WHAT YOU HAVE TO DO:
Return the records from the first line through the line containing "- Технические характеристики", and leave out the pictures.

[Dataset items]
---------------
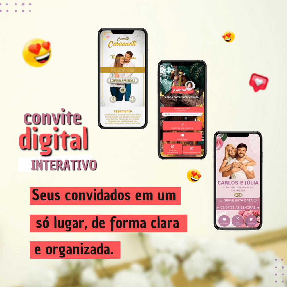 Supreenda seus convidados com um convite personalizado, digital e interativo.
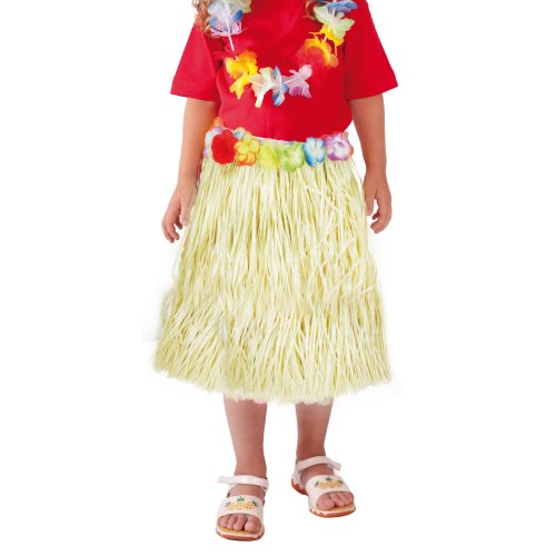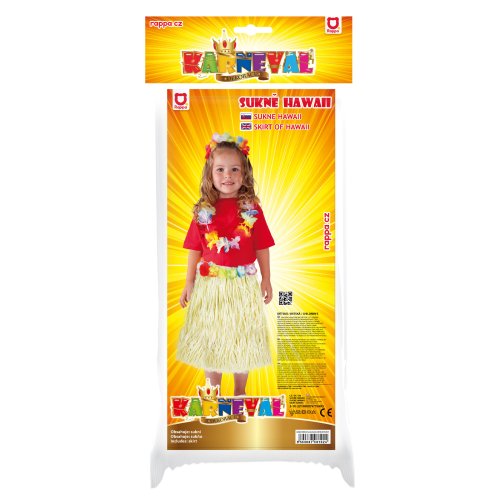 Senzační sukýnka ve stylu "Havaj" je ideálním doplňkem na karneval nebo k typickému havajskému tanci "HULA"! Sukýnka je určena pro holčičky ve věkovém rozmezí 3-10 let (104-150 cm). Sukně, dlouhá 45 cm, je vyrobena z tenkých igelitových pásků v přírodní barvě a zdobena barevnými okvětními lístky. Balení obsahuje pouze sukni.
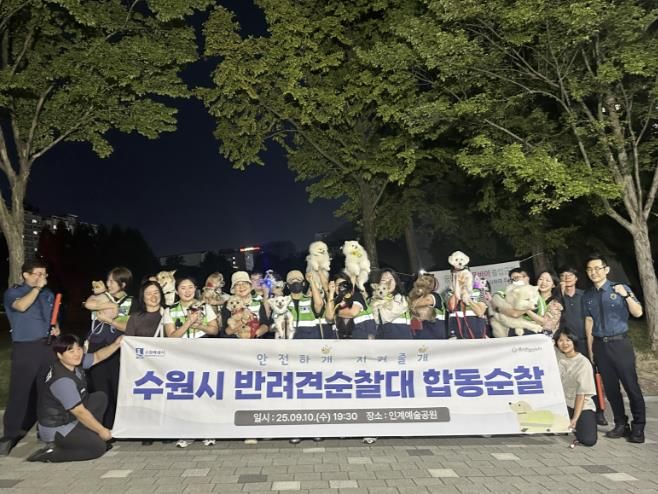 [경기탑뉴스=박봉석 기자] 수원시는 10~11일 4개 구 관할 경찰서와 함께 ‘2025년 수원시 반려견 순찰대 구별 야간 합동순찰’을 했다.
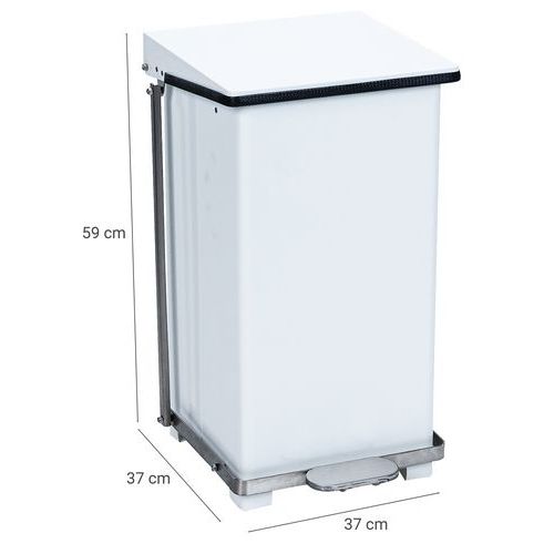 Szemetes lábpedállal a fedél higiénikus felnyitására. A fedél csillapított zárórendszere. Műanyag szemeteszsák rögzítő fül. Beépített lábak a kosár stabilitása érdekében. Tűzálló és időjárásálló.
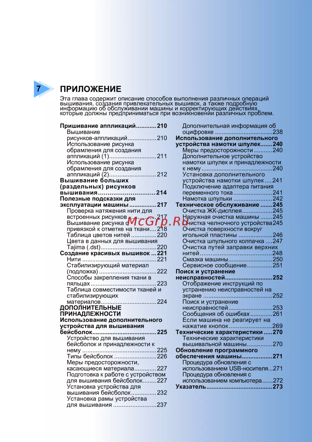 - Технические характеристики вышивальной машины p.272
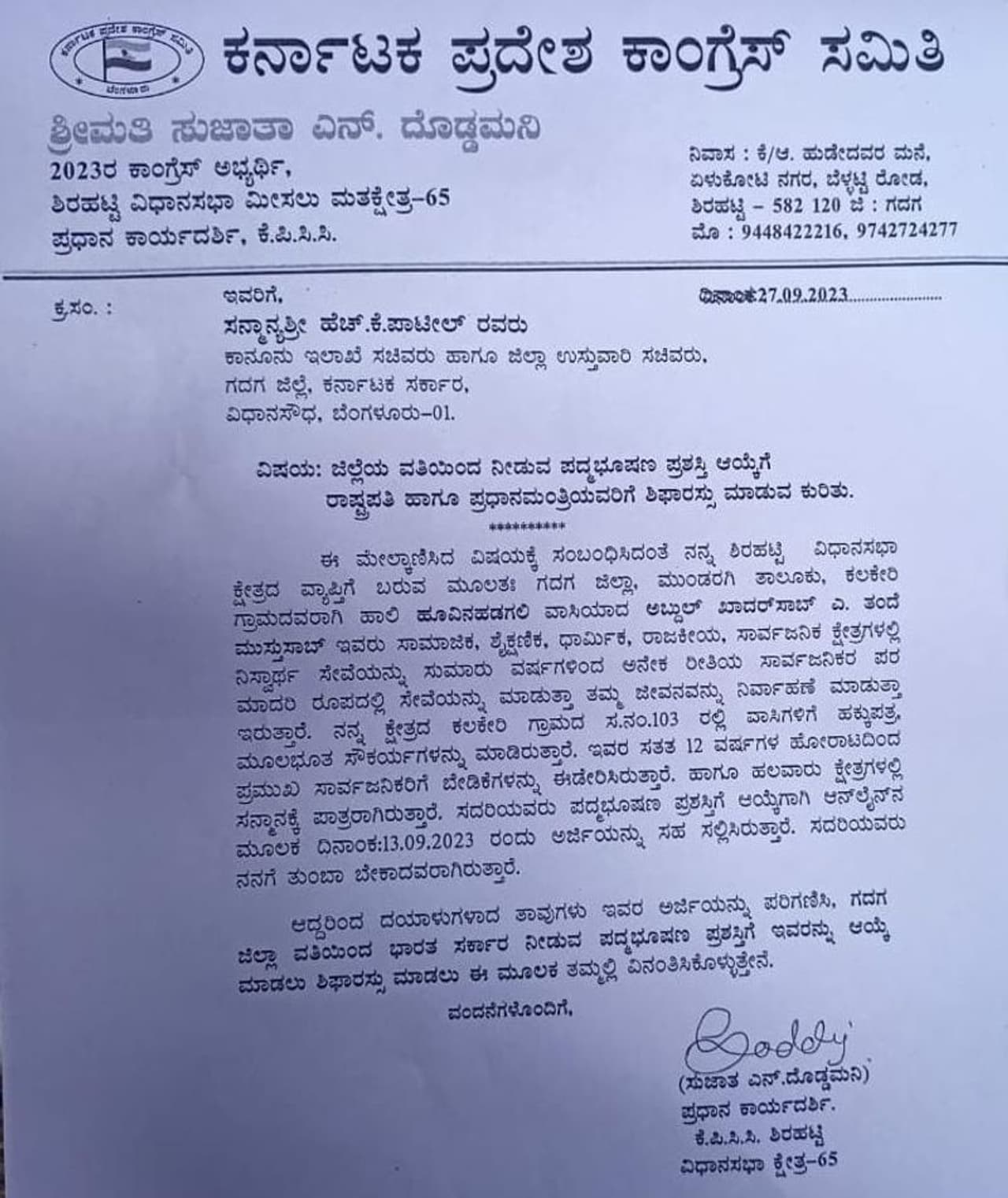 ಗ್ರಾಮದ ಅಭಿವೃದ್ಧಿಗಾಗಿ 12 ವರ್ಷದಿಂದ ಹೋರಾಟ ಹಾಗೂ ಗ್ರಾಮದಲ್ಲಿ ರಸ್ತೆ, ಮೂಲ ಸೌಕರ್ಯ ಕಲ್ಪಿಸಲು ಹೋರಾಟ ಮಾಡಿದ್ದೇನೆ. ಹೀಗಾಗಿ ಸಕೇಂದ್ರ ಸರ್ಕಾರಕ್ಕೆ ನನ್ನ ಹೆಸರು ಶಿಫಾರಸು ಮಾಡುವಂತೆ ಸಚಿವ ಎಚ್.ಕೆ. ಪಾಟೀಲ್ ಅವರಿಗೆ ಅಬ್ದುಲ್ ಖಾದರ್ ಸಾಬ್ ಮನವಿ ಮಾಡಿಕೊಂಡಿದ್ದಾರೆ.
---------------
PROBLEM SOLUTION:
 Supreenda seus convidados com um convite personalizado, digital e interativo.
 Senzační sukýnka ve stylu "Havaj" je ideálním doplňkem na karneval nebo k typickému havajskému tanci "HULA"! Sukýnka je určena pro holčičky ve věkovém rozmezí 3-10 let (104-150 cm). Sukně, dlouhá 45 cm, je vyrobena z tenkých igelitových pásků v přírodní barvě a zdobena barevnými okvětními lístky. Balení obsahuje pouze sukni.
 [경기탑뉴스=박봉석 기자] 수원시는 10~11일 4개 구 관할 경찰서와 함께 ‘2025년 수원시 반려견 순찰대 구별 야간 합동순찰’을 했다.
 Szemetes lábpedállal a fedél higiénikus felnyitására. A fedél csillapított zárórendszere. Műanyag szemeteszsák rögzítő fül. Beépített lábak a kosár stabilitása érdekében. Tűzálló és időjárásálló.
 - Технические характеристики вышивальной машины p.272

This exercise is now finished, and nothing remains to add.